**WHAT IS EXPECTED:** Every line below between the one holding "Gabriel, locataire du" and the one holding "L'ouverture du festival", inclusive, should be copied exactly, and no other line.

**MATERIALS PROVIDED:**
◆ ◆ ◆

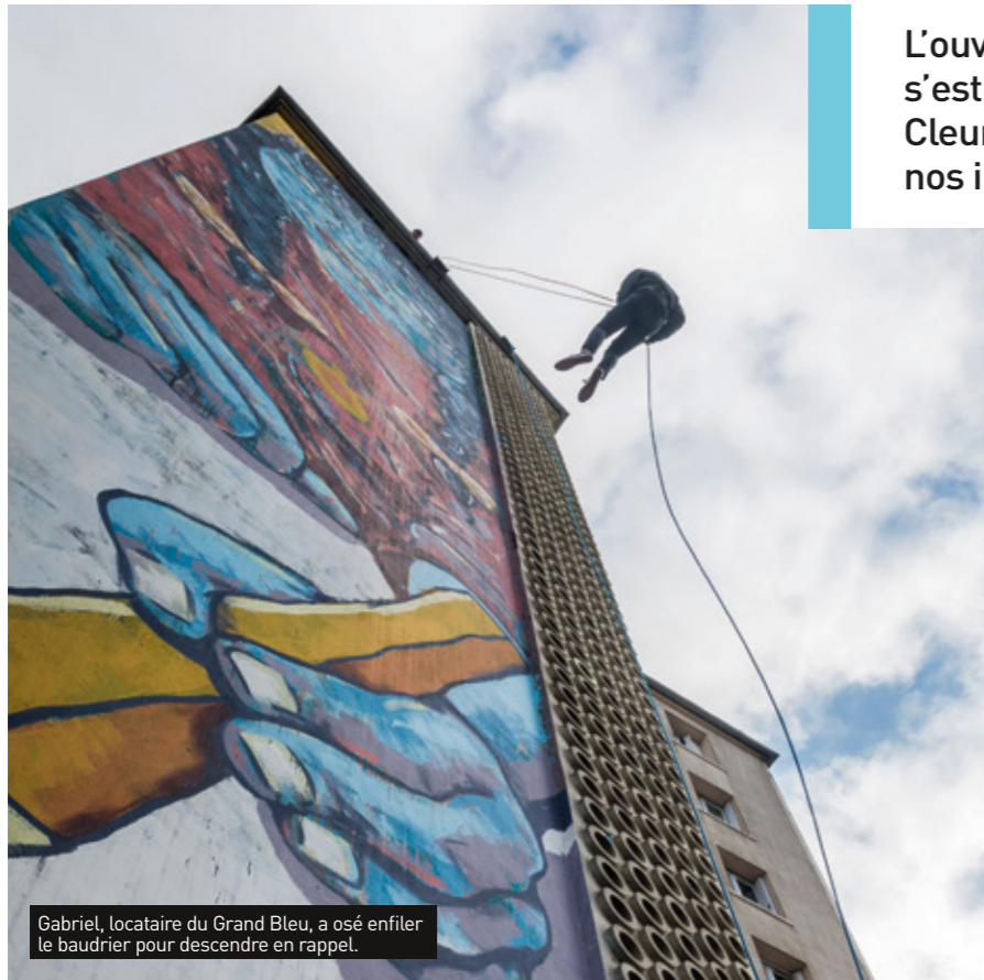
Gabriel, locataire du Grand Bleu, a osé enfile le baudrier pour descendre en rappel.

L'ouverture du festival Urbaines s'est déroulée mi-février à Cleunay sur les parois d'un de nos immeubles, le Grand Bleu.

◆ ◆ ◆

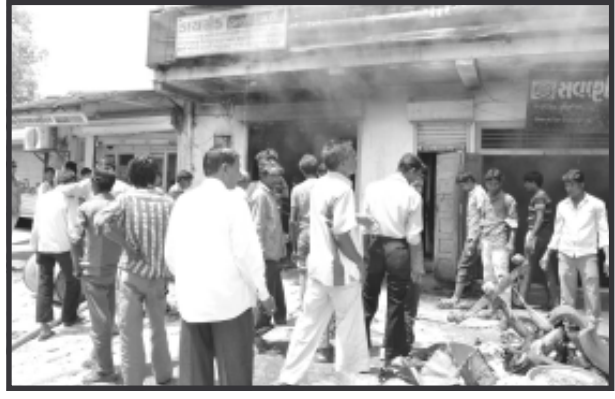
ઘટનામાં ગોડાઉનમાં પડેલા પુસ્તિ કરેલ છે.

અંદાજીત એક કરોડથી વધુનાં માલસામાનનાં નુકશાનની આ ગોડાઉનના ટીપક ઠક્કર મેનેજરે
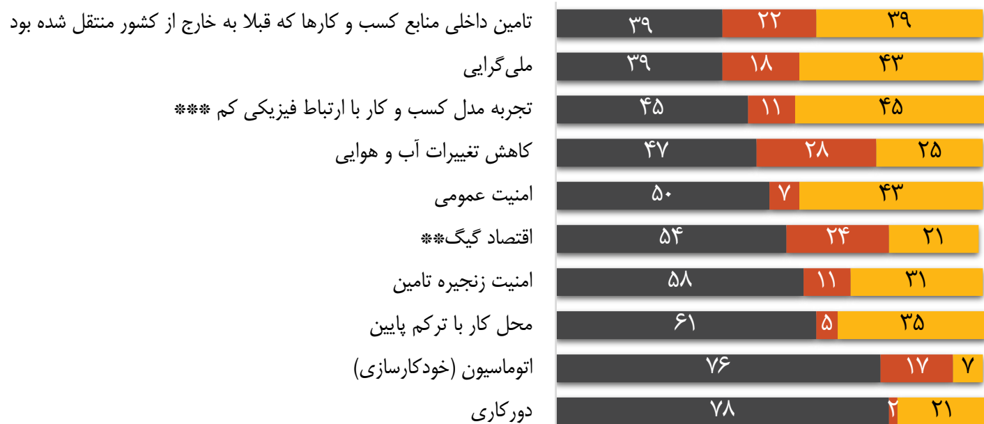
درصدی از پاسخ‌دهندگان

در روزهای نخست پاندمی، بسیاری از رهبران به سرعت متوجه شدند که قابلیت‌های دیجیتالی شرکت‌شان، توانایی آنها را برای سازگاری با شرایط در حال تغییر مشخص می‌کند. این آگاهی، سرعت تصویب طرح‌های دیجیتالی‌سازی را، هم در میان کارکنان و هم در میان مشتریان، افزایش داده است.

◆ ◆ ◆

**EXERCISE RESULT:**
Gabriel, locataire du Grand Bleu, a osé enfile le baudrier pour descendre en rappel.

L'ouverture du festival Urbaines s'est déroulée mi-février à Cleunay sur les parois d'un de nos immeubles, le Grand Bleu.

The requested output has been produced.